6. Het bevoegd gezag neemt de beslissing over toelating van een leerling
zo spoedig mogelijk doch uiterlijk 6 weken na ontvangst van de
aanmelding. Indien de beslissing, bedoeld in de vorige volzin, niet
binnen 6 weken kan worden gegeven, deelt het bevoegd gezag dit aan de
ouders mede en noemt het daarbij een zo kort mogelijke termijn
waarbinnen de beslissing wel tegemoet kan worden gezien, welke termijn
ten hoogste 4 weken bedraagt. 

7. Indien de aanmelding een kind betreft dat niet is ingeschreven op een
andere school, een school voor speciaal onderwijs, een school voor
speciaal en voortgezet speciaal onderwijs of een instelling voor
speciaal en voortgezet speciaal onderwijs, en de beslissing over de
toelating is 10 weken na de dag waarop het verzoek om toelating is
gedaan nog niet genomen, wordt het kind met ingang van de dag volgend op
bedoelde 10 weken, doch niet eerder dan de datum waarop het kind de
leeftijd heeft bereikt om te kunnen worden toegelaten tot de school,
tijdelijk geplaatst op de school en als leerling ingeschreven. Indien de
leerling wordt toegelaten, wordt de tijdelijke plaatsing omgezet in een
definitieve plaatsing. Indien de toelating van de leerling wordt
geweigerd of een beslissing wordt genomen de aanmelding niet te
behandelen, wordt de tijdelijke plaatsing beëindigd en wordt de
leerling uitgeschreven met ingang van de dag die volgt op de dag waarop
de toelating wordt geweigerd of de beslissing wordt genomen de
aanmelding niet te behandelen. 

8. Een leerling wordt niet toegelaten tot een speciale school voor
basisonderwijs dan nadat het samenwerkingsverband waartoe de speciale
school voor basisonderwijs behoort de leerling toelaatbaar heeft
verklaard tot het onderwijs aan een speciale school voor basisonderwijs
in het samenwerkingsverband. De beslissing over de toelaatbaarheid is
geen besluit als bedoeld in artikel 8:4 onder e van de Algemene wet
bestuursrecht.

9. De toelating van een leerling van een basisschool tot een speciale
school voor basisonderwijs van het samenwerkingsverband waaraan de
basisschool deelneemt wordt niet geweigerd op denominatieve gronden,
tenzij de ouders van de leerling weigeren te verklaren dat zij de
grondslag van het onderwijs van de school zullen respecteren.

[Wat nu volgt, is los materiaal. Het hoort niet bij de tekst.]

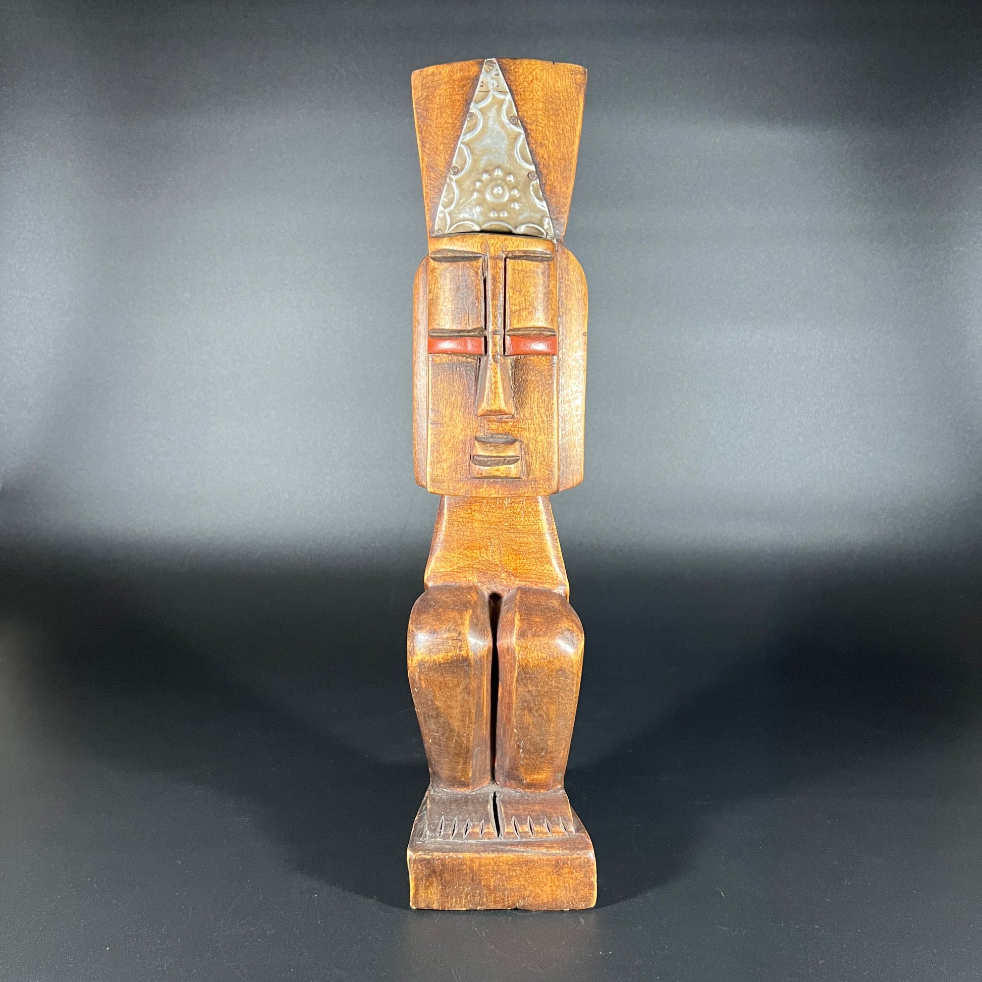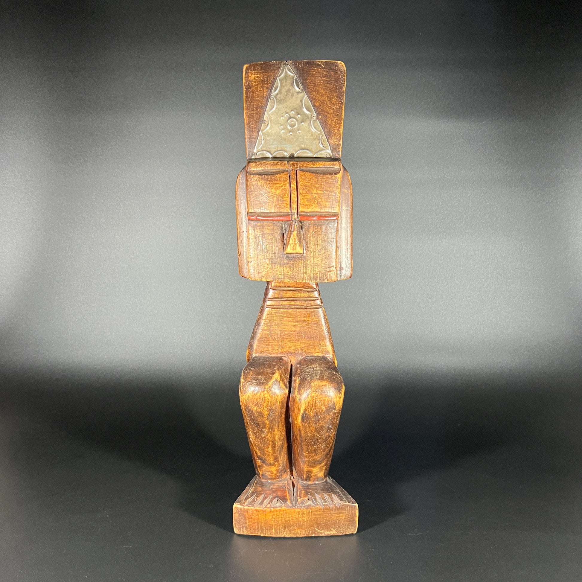 This vintage pair of hand-carved figures from Nigeria is crafted from wood, featuring red-painted eyelids and decorative metal crowns nailed to the tops. Both figures are in good vintage condition, with wear consistent with age. The taller figure, which has no lips, measures approximately 14.75" in height, 3.75" in width, and 3.75" in depth. The smaller figure, with lips, measures approximately 13.5" in height, 3" in width, and 3.5" in depth. A striking and authentic addition to any collection of African art or decor.

10. Voordat wordt besloten tot verwijdering hoort het bevoegd gezag de
betrokken groepsleraar. Definitieve verwijdering van een leerling vindt
niet plaats dan nadat het bevoegd gezag ervoor heeft zorg gedragen dat
een andere school bereid is de leerling toe te laten. Onder andere
school kan ook worden verstaan een school voor speciaal onderwijs, een
school voor speciaal en voortgezet speciaal onderwijs of een instelling
voor speciaal en voortgezet speciaal onderwijs.

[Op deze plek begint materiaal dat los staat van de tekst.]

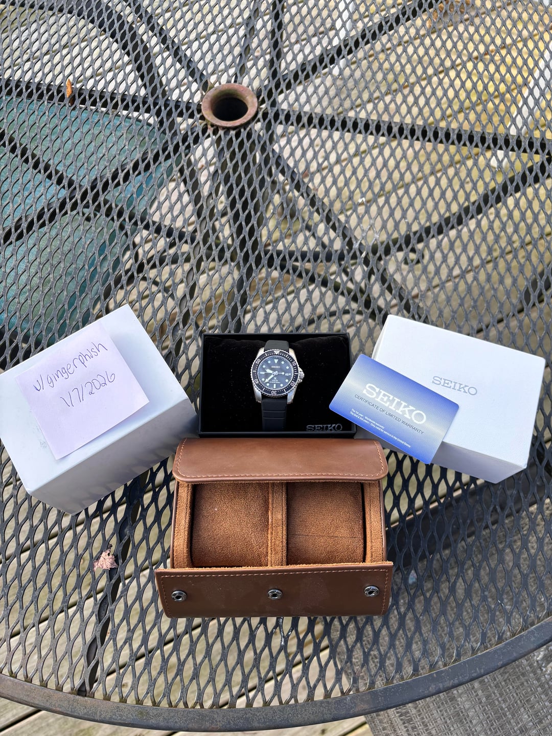 Hello all! Up for sale is my Seiko SNE573 that comes as a full kit with a free 2 watch travel roll. I bought it about a year ago to use as my daily but it never got much wrist time, especially after I bought my 556i. Watch is in fantastic condition with minimal signs of wear. The strap is unworn as I switched to a Barton silicone strap right away. As expected, watch runs about +5-10 seconds a month making it a great grab and go option. Selling for $225 shipped. More info and dimensions: https://www.seikowatches.com/middleeast-en/products/prospex/sne573
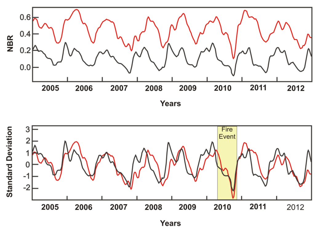 NBR-MODIS time series of savanna (black curve) and Closed Savanna Woodland (red curve) before and after the standardization. The standardized temporal curves homogenize and highlight the fire event, which reached different types of vegetation.
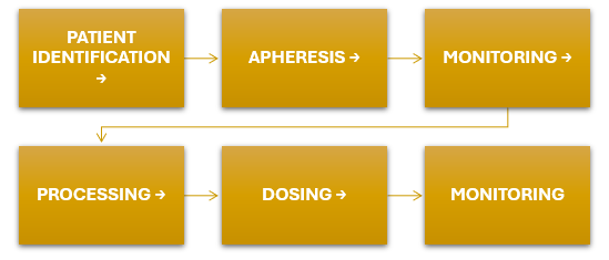 Each site could enroll only one patient at a time, and treatment proceeded through tightly timed apheresis → manufacturing → dosing sequences that made missed windows costly.
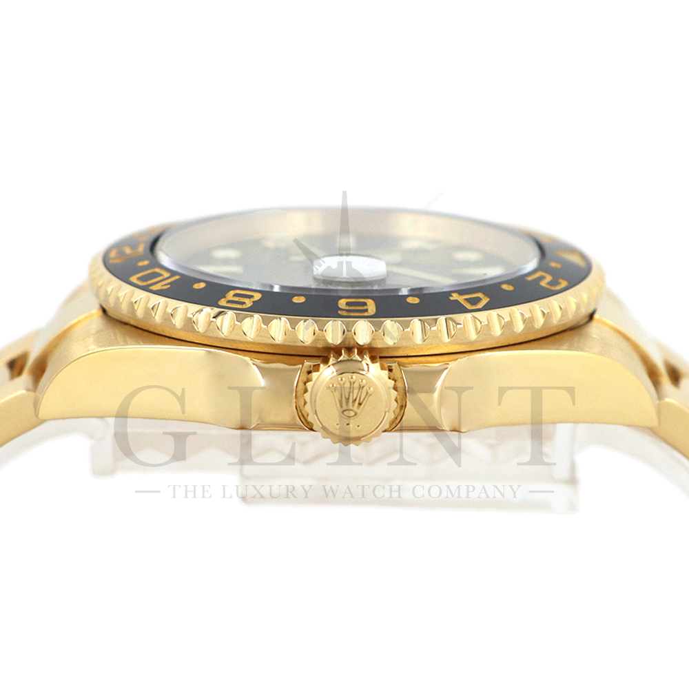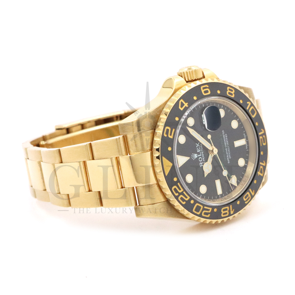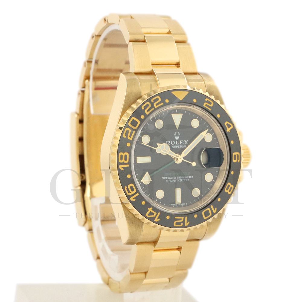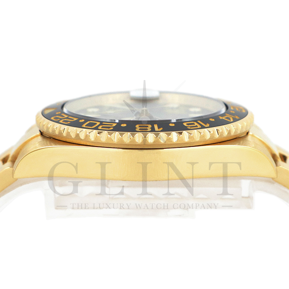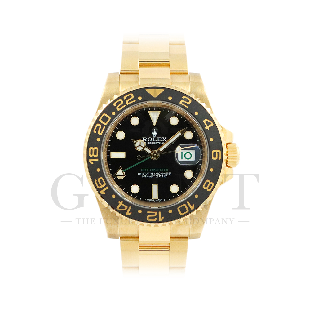 こちらはロレックス GMTマスター2 116718LNです。素材に18Kイエローゴールドを、文字盤にはブラックを採用。ケース素材と文字盤カラーの抜群の相性により、見事なまでの高級感を堪能させてくれます。搭載されているロレックスが独自に開発・製造したCal.3186は、衝撃と温度変化に対して優れた耐久性を発揮するパラクロム・ヘアスプリングを装備し、並外れた信頼性を実現しています。ワンランク上のGMTマスターIIをお楽しみになりたい方にオススメの一本です。

11. Indien tegen het besluit, bedoeld in het eerste lid, van het bevoegd
gezag van een openbare school bezwaar is gemaakt, besluit het bevoegd
gezag in afwijking van artikel 7:10 van de Algemene wet bestuursrecht
binnen 4 weken gerekend vanaf de dag na die waarop de termijn voor het
indienen van het bezwaarschrift is verstreken.

U

Artikel 40a komt te luiden: 

Artikel 40a. Ontwikkelingsperspectief

1. Voor een leerling die extra ondersteuning behoeft, stelt het bevoegd
gezag nadat op overeenstemming gericht overleg is gevoerd met de ouders
een ontwikkelingsperspectief vast. 

2. Het ontwikkelingsperspectief wordt zo spoedig mogelijk, doch
uiterlijk binnen zes weken na de inschrijving van de leerling
vastgesteld. Indien het betreft een inschrijving op grond van artikel
40, zevende lid, wordt het ontwikkelingsperspectief uiterlijk binnen zes
weken na de definitieve plaatsing van de leerling vastgesteld. 

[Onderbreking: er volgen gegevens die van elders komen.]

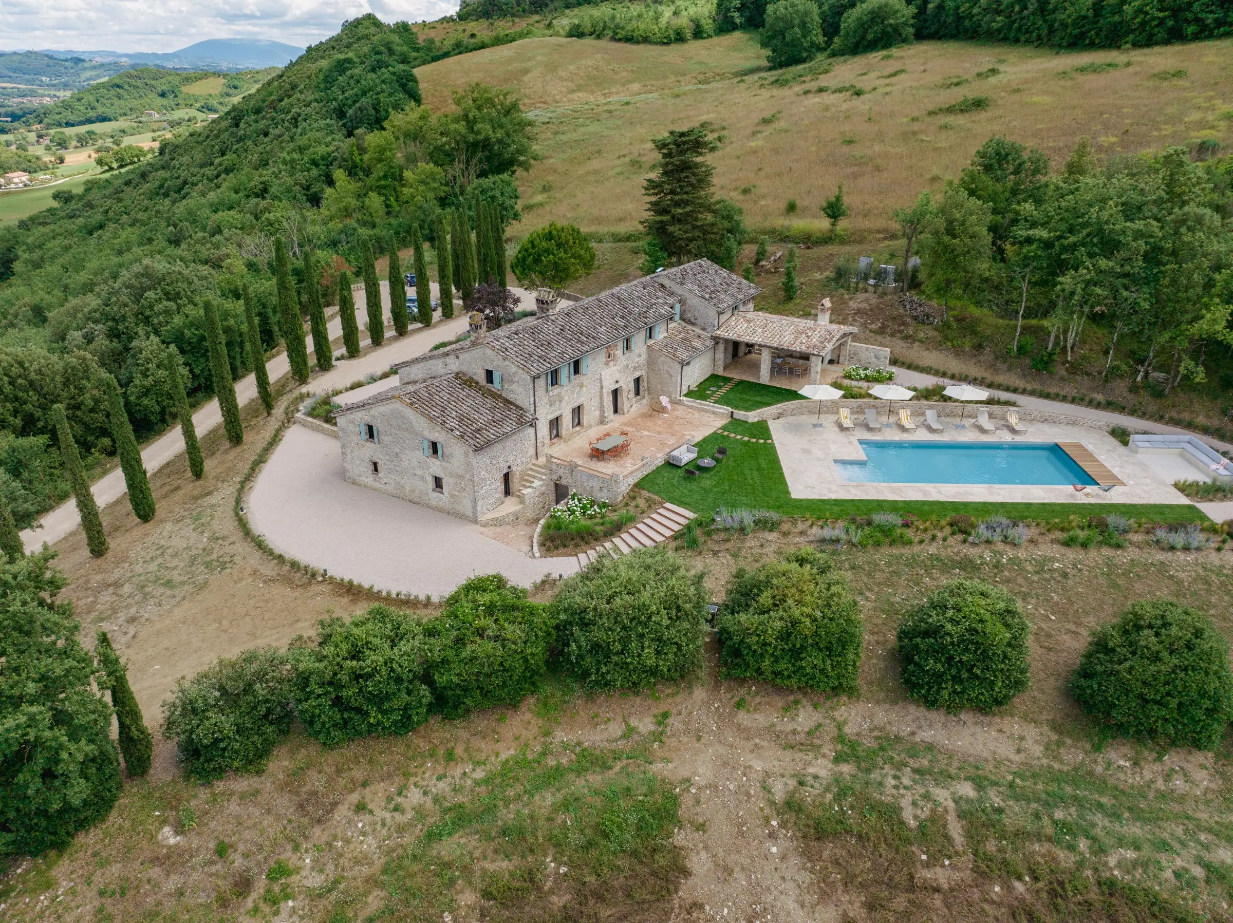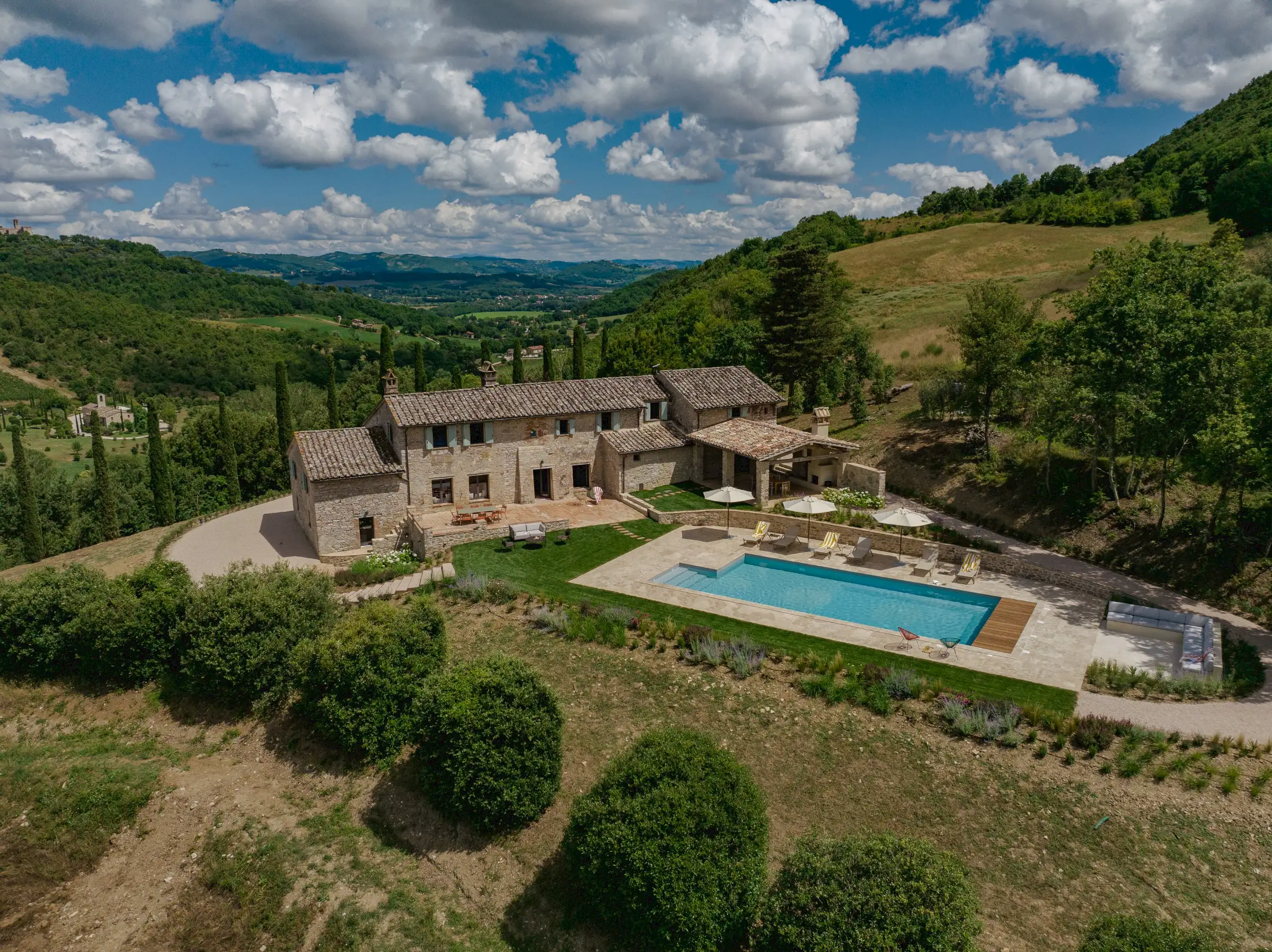 Approached by an avenue of iconic Cypress trees, the house, garden and pool are the stuff of dreams, in a setting that is exquisite, even by Umbrian standards

3. Het ontwikkelingsperspectief wordt ten minste één keer per
schooljaar met de ouders geëvalueerd.

4. Nadat op overeenstemming gericht overleg is gevoerd met de ouders kan
het bevoegd gezag het ontwikkelingsperspectief bijstellen.

5. Het ontwikkelingsperspectief bevat een omschrijving van de
begeleiding, bedoeld in artikel 8, vierde lid. Indien bij de inrichting
van het onderwijs wordt afgeweken van één of meer onderdelen van het
onderwijsprogramma, wordt dat in het ontwikkelingsperspectief vermeld.
Bij algemene maatregel van bestuur worden nadere voorschriften over de
inhoud van het ontwikkelingsperspectief vastgesteld.

V

Na artikel 40b wordt een artikel ingevoegd, luidend:

Artikel 40c. Schorsing 

1. Het bevoegd gezag kan met opgave van redenen een leerling voor een
periode van ten hoogste één week schorsen.

2. Het besluit tot schorsing wordt schriftelijk aan de ouders
bekendgemaakt.

3. Het bevoegd gezag stelt de inspectie van een schorsing voor een
periode langer dan één dag schriftelijk en met opgave van redenen in
kennis.

W

	Artikel 43 komt te luiden:

Artikel 43. Tijdelijke geschillencommissie toelating en verwijdering 

	1. Er is tot een bij koninklijk besluit te bepalen tijdstip een
landelijke commissie voor geschillen waarbij elke school, school als
bedoeld in de Wet op de expertisecentra en school als bedoeld in de Wet
op het voortgezet onderwijs is aangesloten.

	2. De commissie neemt kennis van geschillen tussen ouders en bevoegd
gezag van een school die ontstaan bij de toepassing van:

	a. artikel 40, derde, vierde, vijfde en tiende lid, en

	b. artikel 40a, eerste en vierde lid.

	3. De commissie brengt op verzoek van de ouders binnen 10 weken een
oordeel uit aan het bevoegd gezag, rekening houdend met het
schoolondersteuningsprofiel en het ondersteuningsplan. 

	4. Indien een geschil aanhangig is gemaakt bij de commissie en de
ouders bezwaar hebben gemaakt tegen de beslissing over de toelating of
de verwijdering, neemt het bevoegd gezag de beslissing op bezwaar niet
dan nadat de commissie heeft geoordeeld. De termijn voor het nemen van
de beslissing op bezwaar wordt opgeschort met ingang van de dag waarop
het geschil aanhangig is gemaakt bij de commissie tot de dag waarop de
commissie het oordeel heeft uitgebracht. 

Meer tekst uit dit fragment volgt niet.